Friday, December 28, 2007

Understanding Desktop Heap from an Apps DBA perspective

One of the issues that an Apps DBA might encounter sooner or later on WINDOWS 2000/2003 platform is "The application failed to initialize properly (0xc0000142). Click on OK to terminate the application." error in the event log of the server. This would also contain the name of executable that could not be initialized. This could be any of the oracle applications executables like OAMKSVC.exe, Apache.exe, ifweb60.exe and so on..If you check the memory availability using the "Task Manager" you will see plenty of memory available.

The Problem:

The above scenario implies that you are running into "desktop heap" issue. Let me try to explain in simple words what desktop heap means, the underlying important aspects from troubleshooting perspective. Desktop heap simply refers to a memory area within a session, which is used to store certain user interface objects like windows. Every process requires a desktop object to run under, every desktop requires a window station to run under and every window station requires a session to run under. One session can have only one interactive window station, but more than one non-interactive winstation. Also, there are three types of desktops - Default, Disconnect and winlogon. This also implies that one window station can have all three types of desktops running under it. I think that Disconnect and winlogon are applicable in a terminal services environment.

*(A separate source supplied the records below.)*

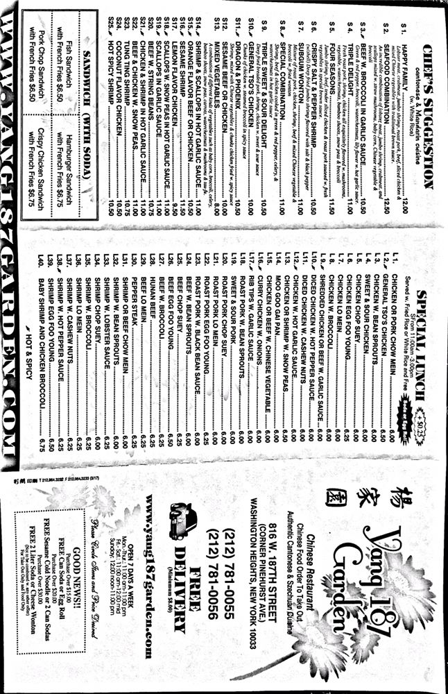 Yang Garden, located in New York at 816 W 187th St, is a delightful establishment offering a diverse menu featuring soup, sandwiches, and Chinese cuisine. The restaurant provides a range of utilities including delivery, takeout, reservations, and accepts credit cards and even cryptocurrency. With a casual and quiet ambiance, it is perfect for groups, families with kids, and even allows dogs. Outdoor seating, catering services, and alcohol options are also available. The menu at Yang Garden is sure to impress with its flavorful dishes and unique combinations. From comforting soups to savory sandwiches and authentic Chinese specialties, there is something for everyone to enjoy. Don't miss out on the chance to experience the delicious offerings at Yang Garden.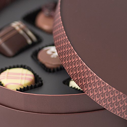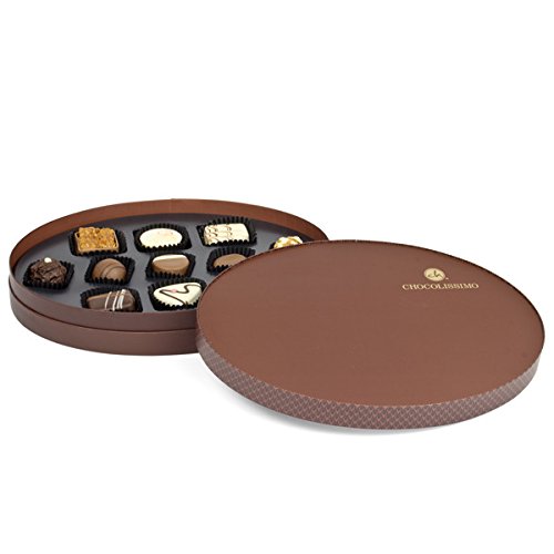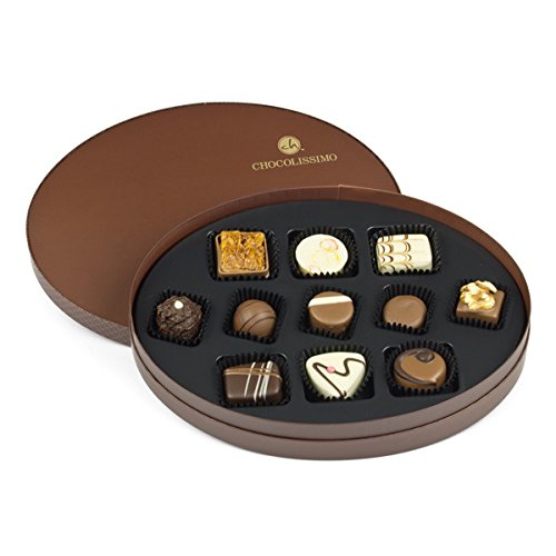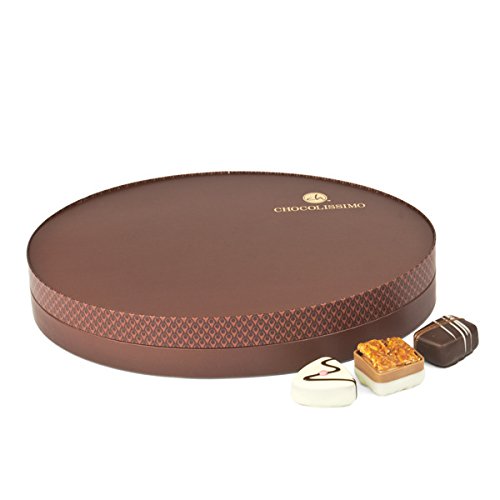 ?? Eingehüllt in einer ovalen, braunen Schachtel, mit einer luxuriösen Seidenschleife Chocolissimo.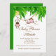 Start your twins safari baby girl baby shower or twin jungle boys baby shower off right with our cute our little monkeys baby shower invitation. Invitation features adorable twin monkeys swinging on a vine with jungle leaves set on a crisp white background. ©Mujka Chic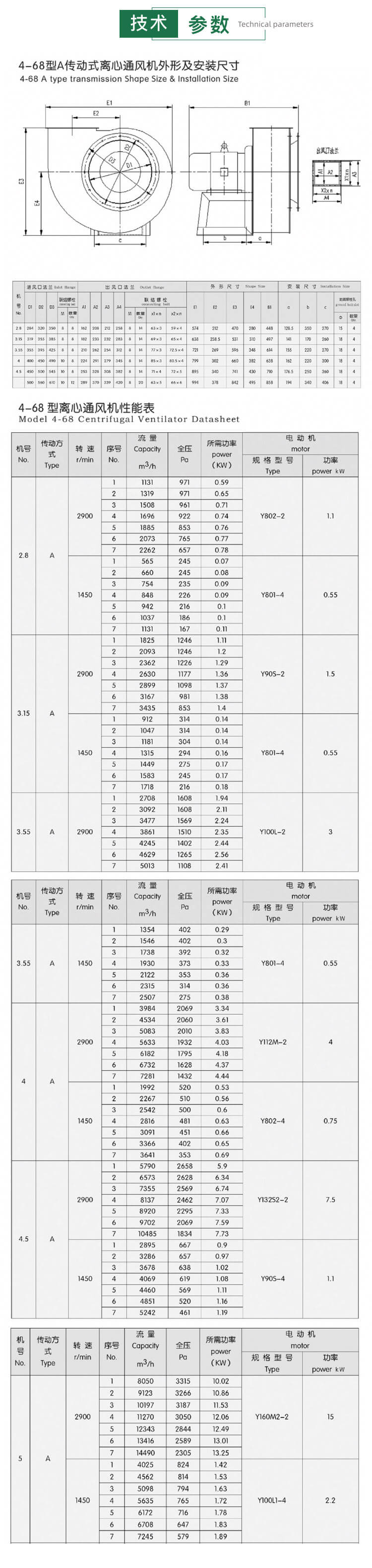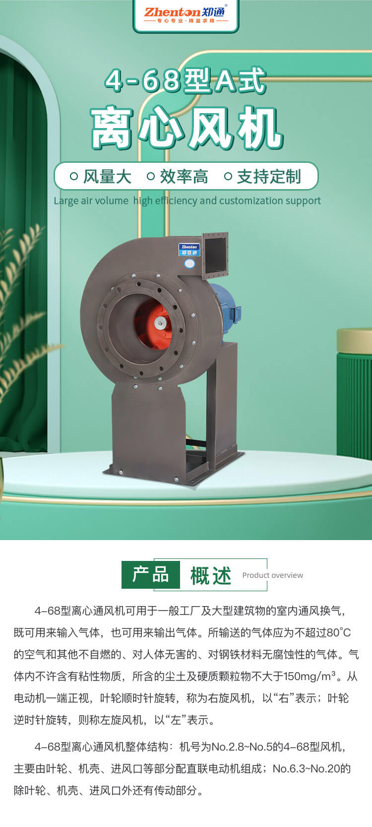 4-68型離心通風(fēng)機(jī)可用于一般工廠及大型建筑物的室內(nèi)通風(fēng)換氣,既可用來(lái)輸入氣體,也可用來(lái)輸出氣體。所輸送的氣體應(yīng)為不超過(guò)80°C的空氣和其他不自燃的、對(duì)人體無(wú)害的、對(duì)鋼鐵材料無(wú)腐蝕性的氣體。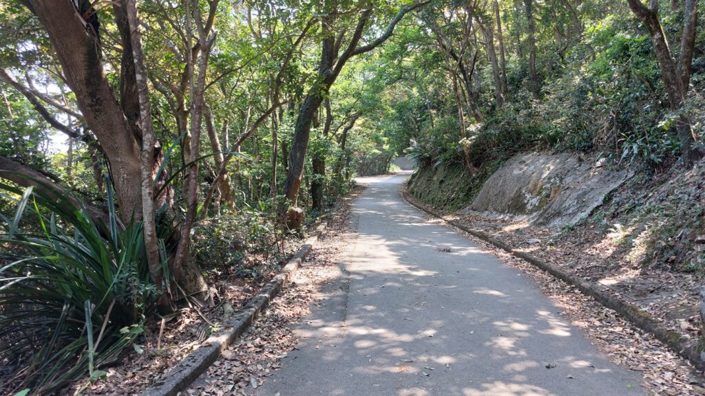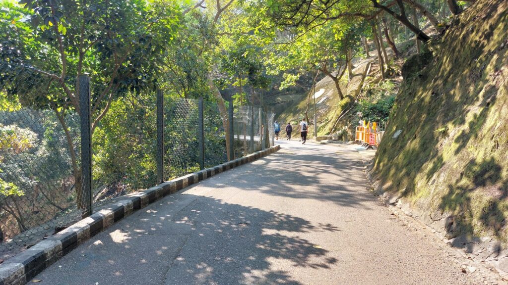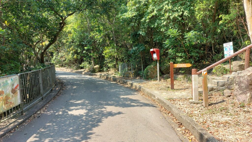 一路下降到柏架山上引水道,路牌標示港島林道美景路段。這是個多路交叉口,在此可選擇不同路徑。直落馬路可很快結束,也可沿野豬徑行至大風坳再落鰂魚涌結束。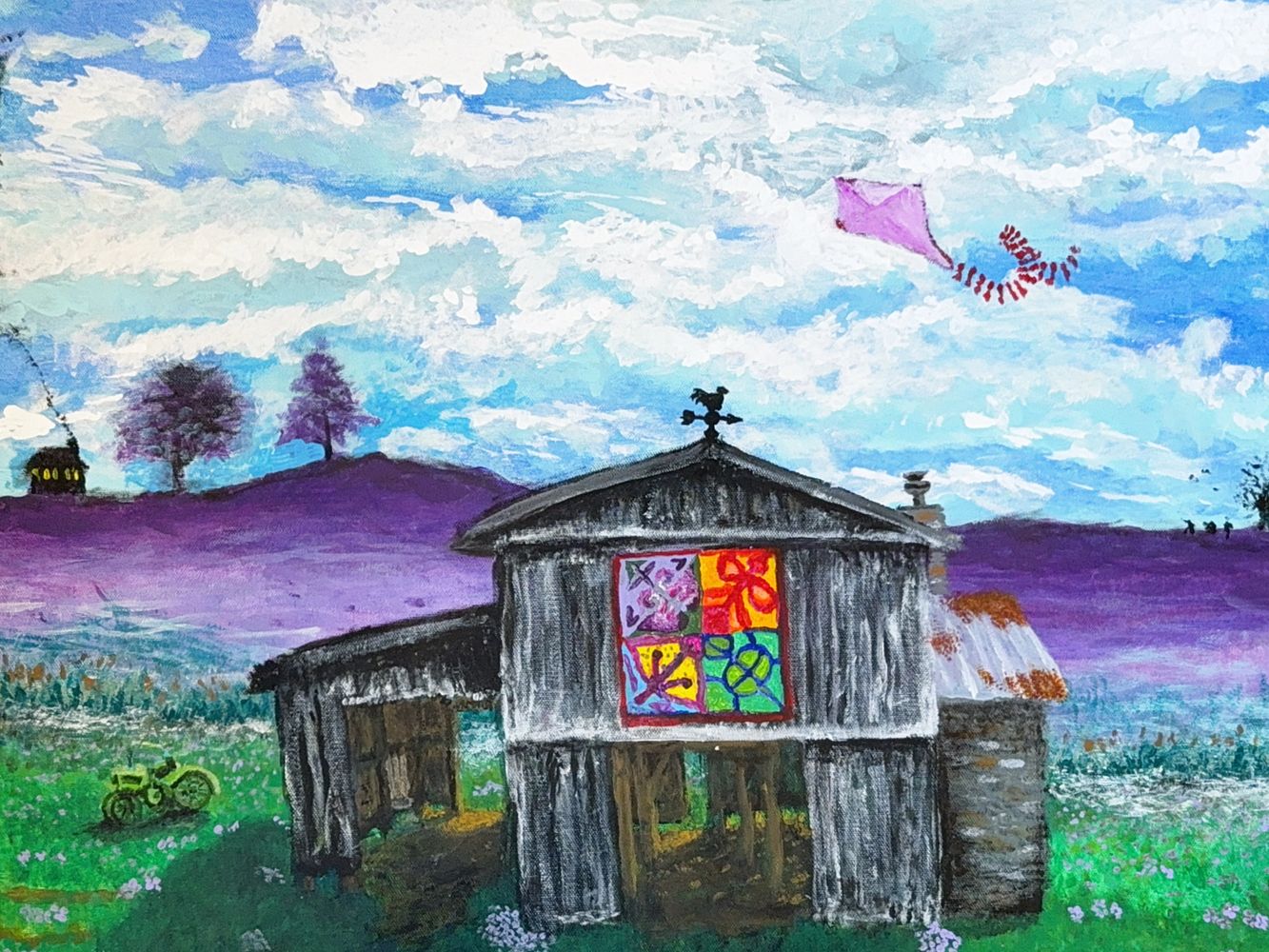 For 31 years, Kellogg worked as a land surveyor with Thoroughbred Engineering, walking property lines, reading terrain, and translating landscape into measured truth. This deep understanding of space and structure continues to inform both his visual art and his yoga practice.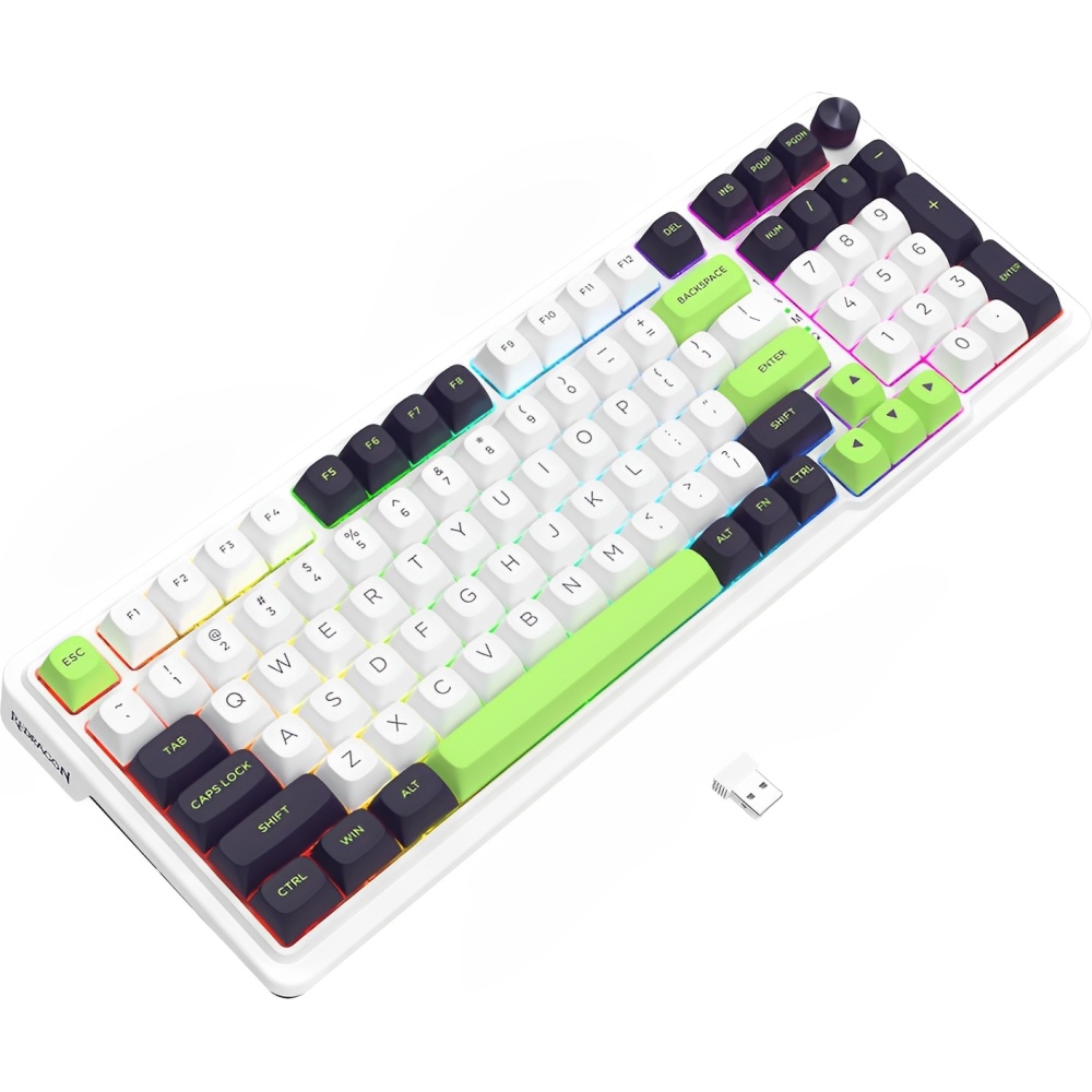 Fullbai / Tecnología / Gaming / Teclados Gaming / Teclado Gamer Mecánico Redragon Eisa Max K686WBG-RGB-MAX 96% RGB Inalámbrico Switch Mint Mambo – Blanco/Negro/Verde (Inglés)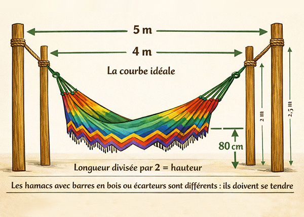 ¿Cuál es la regla a seguir para dar la curvatura correcta? Un buen ejemplo a seguir (no he inventado nada porque siempre he adquirido mis conocimientos observando a los expertos de América Latina) es el de los constructores de casas. En los estados donde el hamaca está muy presente, cuando en su plano tienen un cuarto, colocan ganchos para hamaca en las paredes antes de que estén terminadas. 4 m de longitud entre las dos fijaciones y 2 m de altura respecto al suelo. Esta es la regla: longitud dividida por 2 = altura.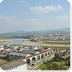 松倉重政は、関ヶ原の合戦での功績が認められ、一万石の大名として慶長13年(1608年)に二見城に入城した。そして五條新町をつくったのだが、その際、まちに商人が集まりやすいようにと、「諸役免許」の政策をとった。つまり、税金を免除する特権を与えることで、まちに集まった商人が定住するように図ったのだ。この政策は見事に成功し、その後の五條新町の発展の礎となった。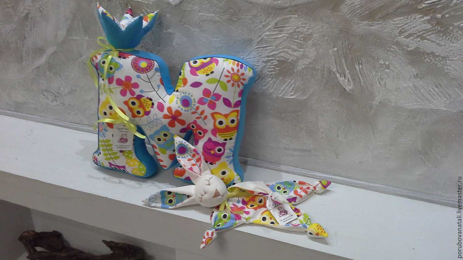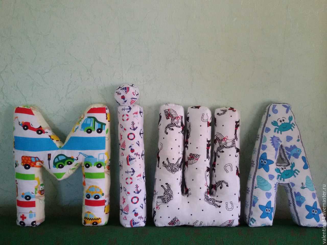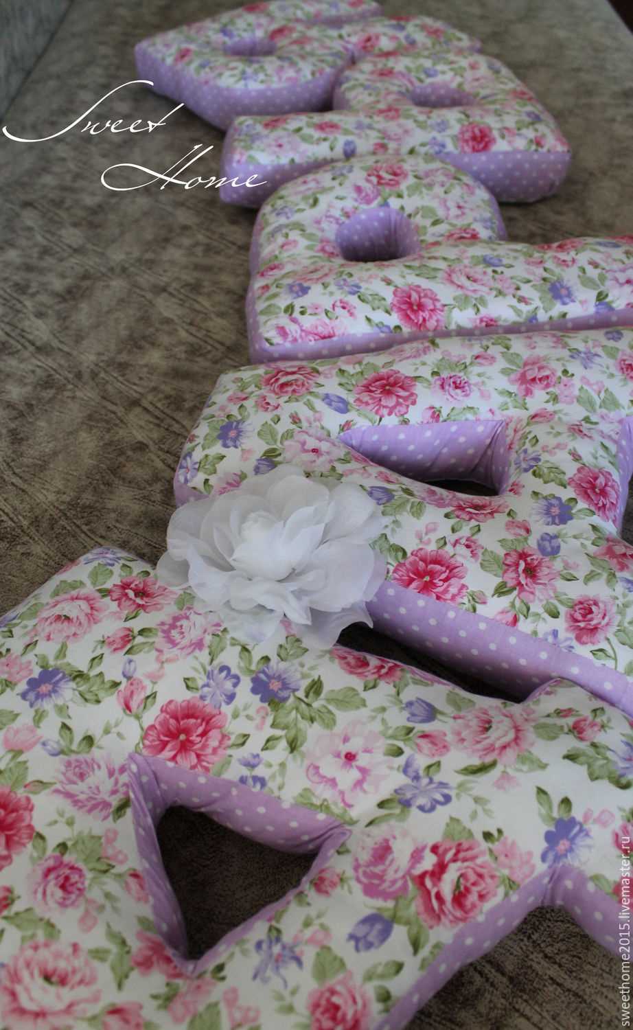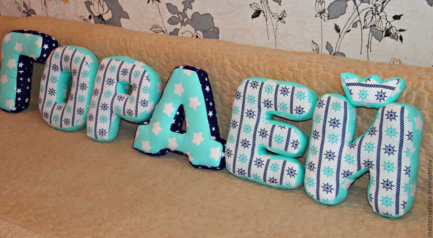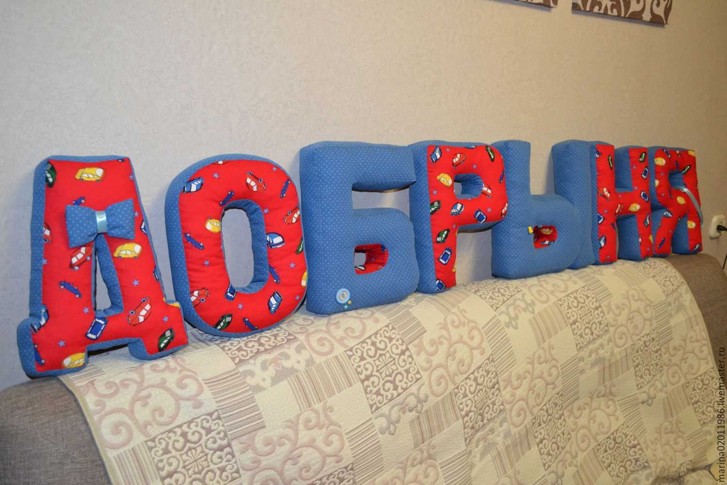 Volume and flat letters for decor can be done independently or ordered from the master, if you do not have the time, skills or desire to do it yourself.Any needlewoman for a good payment will gladly tie the letters in the form of sofa cushions. To order in any carpentry workshop, they will arrange sidewalls for children's furniture - benches, tables and chairs. It is better if these letters make up the name of the child.

The question that would immediately arise is - how does this all relate to my "apache / forms" applications running as a service?

The (apache/forms or any other) service is considered as a "non-interactive" window station and implicitly uses a "Default" desktop. Windows operating system allows you to configure "Default" desktop heap value for both Interactive and non-interactive window stations separately.

Ascertain the issue:

One of the tools available to monitor and ascertain the presence of desktop heap issue is dheapmon. Run this tool to determine the status of desktop heap.

Settings and Corrective Action:

You can configure the value of "default" desktop heap for "interactive" and "non-interactive" window station using the following registry entry: HKLM\System\CurrentControlSet\Control\Session Manager\SubSystems\Windows.

The value would look something like %SystemRoot%\system32\csrss.exe ObjectDirectory=\Windows SharedSection=1024,3072,512 Windows=On SubSystemType=Windows ServerDll=basesrv,1 ServerDll=winsrv:UserServerDllInitialization,3 ServerDll=winsrv:ConServerDllInitialization,2 ProfileControl=Off MaxRequestThreads=16

The second and third value (KBs) in the "SharedSection" in the above value represent the desktop heap for interactive and non-interactive window stations. This can be configured. However, please note that each of the sessions would allocate this amount of desktop heap for every "default" desktop running under the session.

Note that if your apache service is running with the "LocalSystem" account, without the "Allow service to interact with desktop" option, then the amount of desktop heap available is 512 (per the above example). This value is allocated for each service as each of the service is considered as non-interactive desktop. However, when you have large number of concurrent users using the forms or apache, the chances are 512 KB is not enough. In such situations, you can check the "Allow service to interact with desktop" option, there by leveraging on the interactive desktop heap value for the Window station 0 (console), which is 3072. One word of caution here, if 3072 is depleted, your apache will be "hung" until someone clicks on the "OK" button on the console for the apache to continue.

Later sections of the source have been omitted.